The Funny Side of Poor Master Data Management

In almost all cases, poor quality master data is not a laughing matter.  It can directly lead to losing out on millions either through excess costs or lost opportunity.  However, there are occasions where poor data has a lighter side.  One such case happened in the mid ‘90s whilst I was implementing ERP for a living.

On the first phase of a major project, I was on the master data team – in particular developing processes that enabled master data creation and maintenance.  Since both MDM and workflow tools were in their infancy, we conjured up a manual processes supported by green screen based scripts and email.  Not great, but workable.  However, before go-live, system test was proving painful, with every other team wanting lots of material numbers for testing.  Since manual entry excited no-one, so we created a product master file, populated by cut-and-paste, which the IT guys happily automated for us to create hundreds of material masters.

Data Chart

Testing was a success, but then something went wrong.  Actually two things went wrong – the first being the script was designed to load test data and had no data quality reviews, but somehow it was used to load production data.  This brought on the second  problem which our master data team found highly amusing.
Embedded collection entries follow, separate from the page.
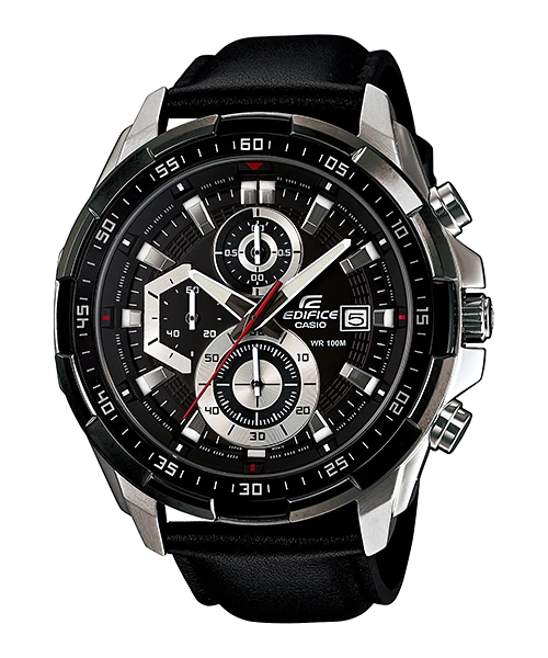A large standard chronograph. The three-dimensional bezel, and strong in-dial design and coloring create a powerful design. Uses a genuine leather band.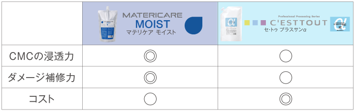 ※マテリケア『モイスト』はナノ化CMCを使用しているため、セ・トゥ『プラスサンα』よりも浸透力が高く、またCMCの配合濃度も高くなります。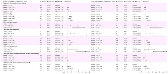 The forest plot of different food sources of CoQ10 and hypertension risk. The intake of consumers was categorized into quartiles or tertiles. The HRs and 95% CIs were shown as the black solid dots and black horizontal solid lines. The red vertical dashed lines represent the reference lines with HR = 1. On the right part of this figure, the intake was adjusted by total energy using the residual method. The symbol of * represents that the results were obtained based on energy-adjusted CoQ10 intake.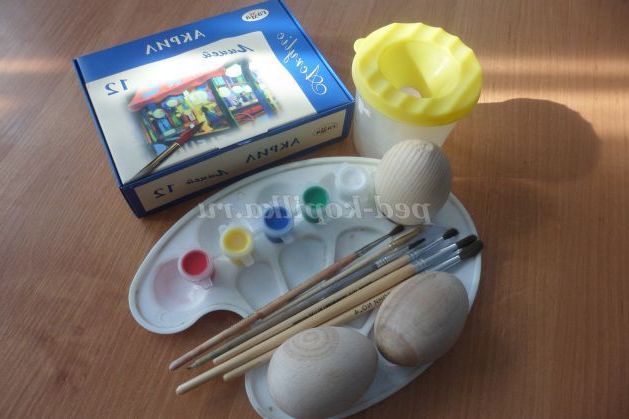 Дерев'яні форми яєць, акрилові фарби, пензлі №1, 2, 4, палітра, склянка для води, простий олівець, картинки із зразками візерунків, лак по дереву.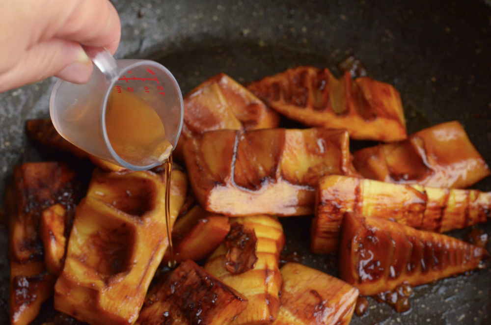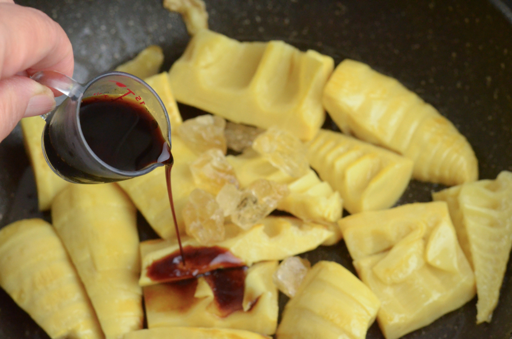 - Once bamboo shoots turned slightly brown, add in light soy sauce, dark soy sauce and rock sugar. Stir to coat.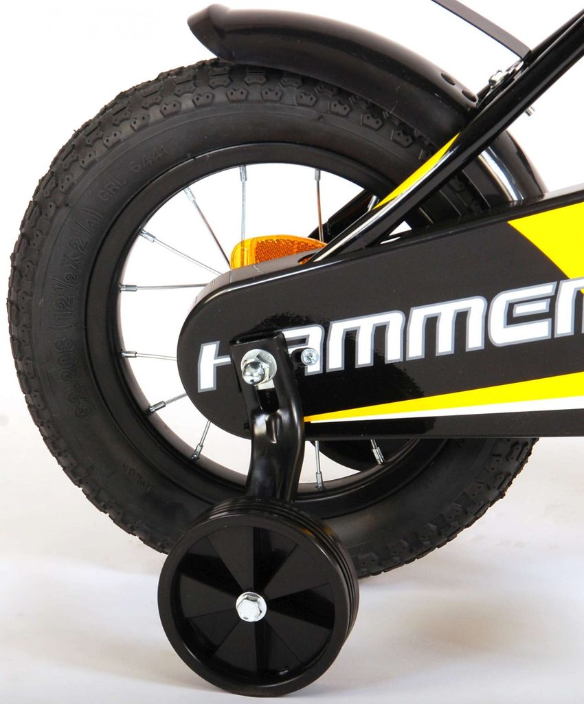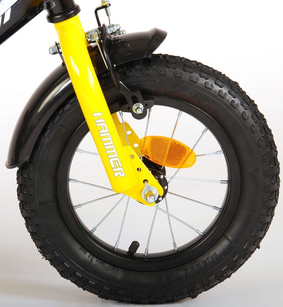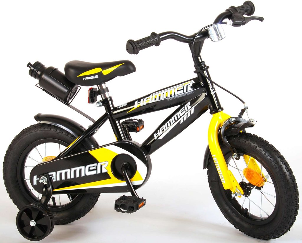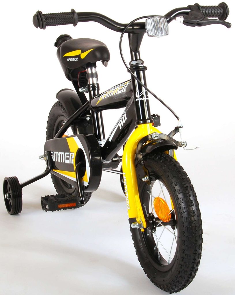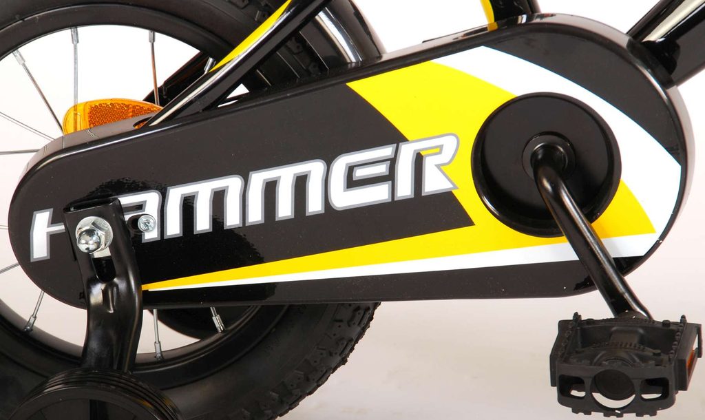 Originální dětské kolo od holandského výrobce Volare Hammer Yellow s velikostí ráfků 12 palců je určeno pro nejmenší děti ve věku od 3 do 4,5 let s výškou do 95 cm. Kolo je opatřeno demontovatelnými balančními kolečky, dítě se tedy bude cítit hned od první jízdy bezpečně a stabilně. Kolo je vybaveno 2 druhy brzd. Brždění probíhá buď protisměrnou zadní brzdou "torpédem", která umožnuje brzdit zpětným záběrem pedálů nebo lze použít přední pákovou brzdu. Proti nechtěnému namotání nohavice nebo tkaničky do řetězu má kolo kryt s barevným potiskem, který zakrývá celý řetěz. Sedadlo i řídítka jsou výškově nastavitelné. Za sedadlem je umístěný nosič s lahví na pití.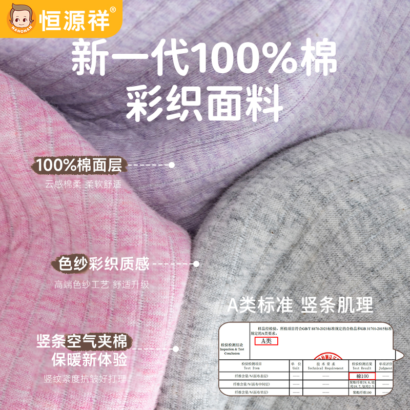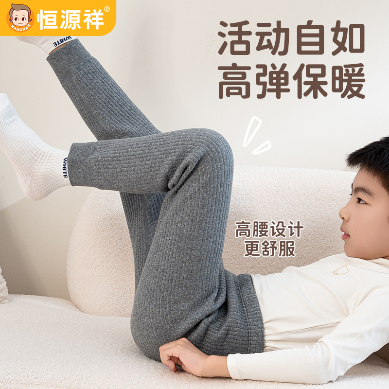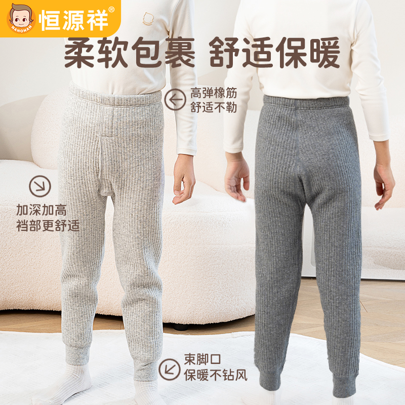 恒源祥儿童夹棉保暖裤三层加厚秋裤男童女童中大童纯棉加绒裤冬季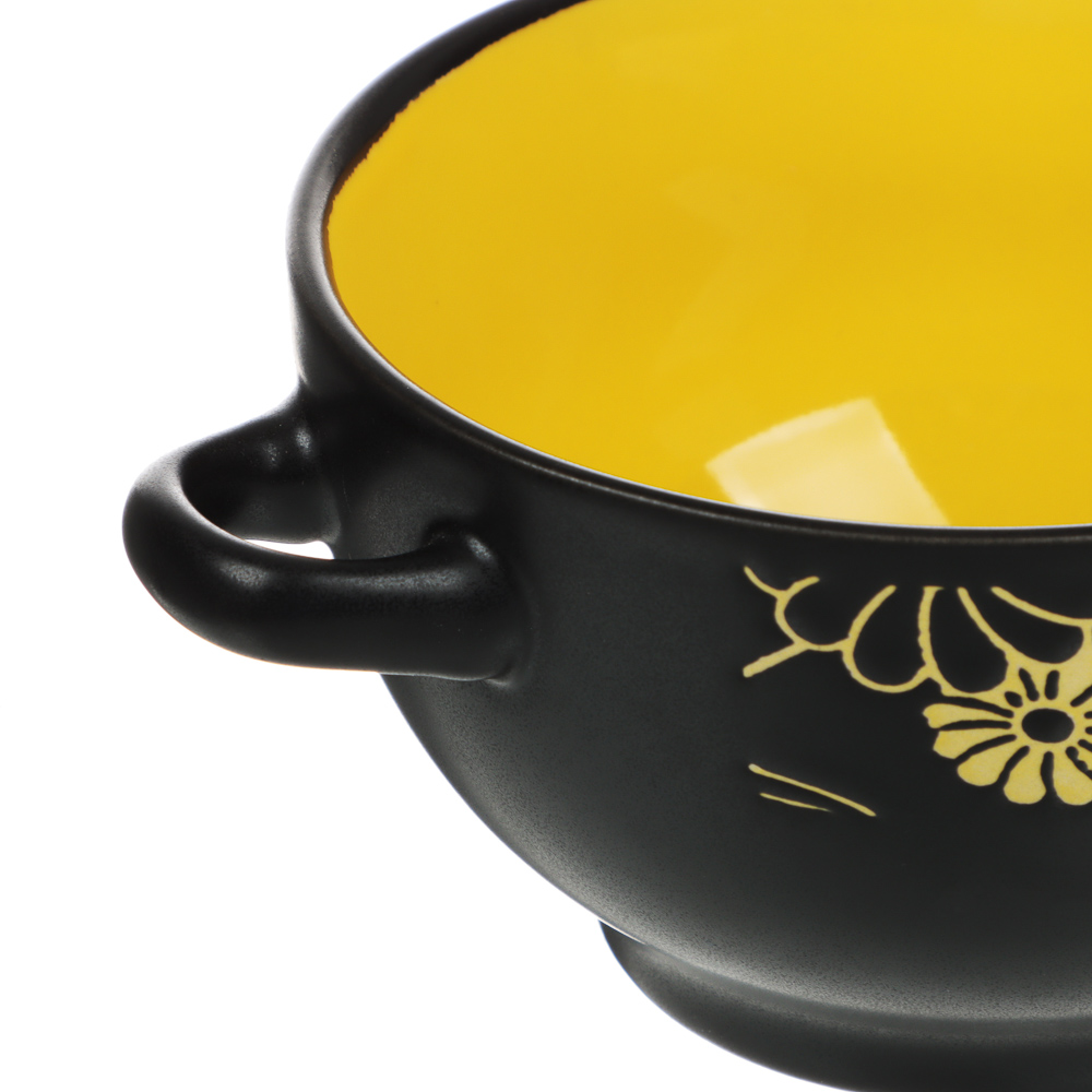 Вы можете приготовить самые вкусные овощные и мясные супы, но гостям приятнее их есть из красивой посуды. Хороший выбор — бульонница объемом 550 мл. Стильный предмет сервировки предназначен для подачи первых блюд. Для удобства предусмотрены ручки по бокам емкости. Материал изделия — высокопрочная натуральная керамика.Преимущества:• эксклюзивная коллекция посуды для настоящих эстетов• хорошо держит тепло, от чего бульоны медленно остывают• сохраняет природный вкус пищи, аромат продуктов и пряностей• может использоваться в микроволновой печи для подогрева• подходят для хранения еды в холодильнике• легко очищается мягкими и абразивными губками.

A couple of days after go-live, I got a call from ‘Phil’ – the shift supervisor in shipping.

After the usual pleasantries, it was clear that something was really bothering Phil, and he had been grappling with a problem for 45min or so.  It came down to this:

“No matter how hard we try, we cannot fit 32 desktops on a pallet, even if we shrink wrap it”

I was a bit confused – pallets were sized for 32 laptops, or 16 desktops.  Why would Phil be trying to put 32 desktops on a single pallet?  Some brief queries showed there was an error in the master data.  Since system test did not actually involve any physical actions in the real world, nobody noticed that our master data was inaccurate, and all products were defined as 32 per pallet.  This was the script used to load data into the new ERP.

I suggested Phil continue as usual (16 per pallet), regardless of what the system said in terms of items per pallet, and I would raise a support request to get the data fixed.

I still try to imagine how many warehouse employees it takes to hold 32 desktops on a pallet designed for 16, whilst another armed with a portable shrink-wrapper desperately tries to wrap desktops, but not hands or whole people onto the pallet.  I imagine all would be cursing ‘the new system’ loudly during the process.

There are a few important lessons out of this, some of which are:

  • Without the correct tools and care, your data will quickly be infested with inaccuracies
  • New systems are not immune to poor data quality (and may be at greater risk)
  • Appointed data custodians should care about the data and have a stake in it’s accuracy

And perhaps most interestingly:

People will believe the system, even if their instinct tells them otherwise.

Which is probably one of the best reasons to ensure your data is correct.  This was a clear demonstration of how poor data quality can directly & negatively affect daily business processes.

A real pity that this incident predated smart phones as well as Master Data Management and workflow tools.  If it happened today, I may have had a great photo to remind me of the importance of accurate master data.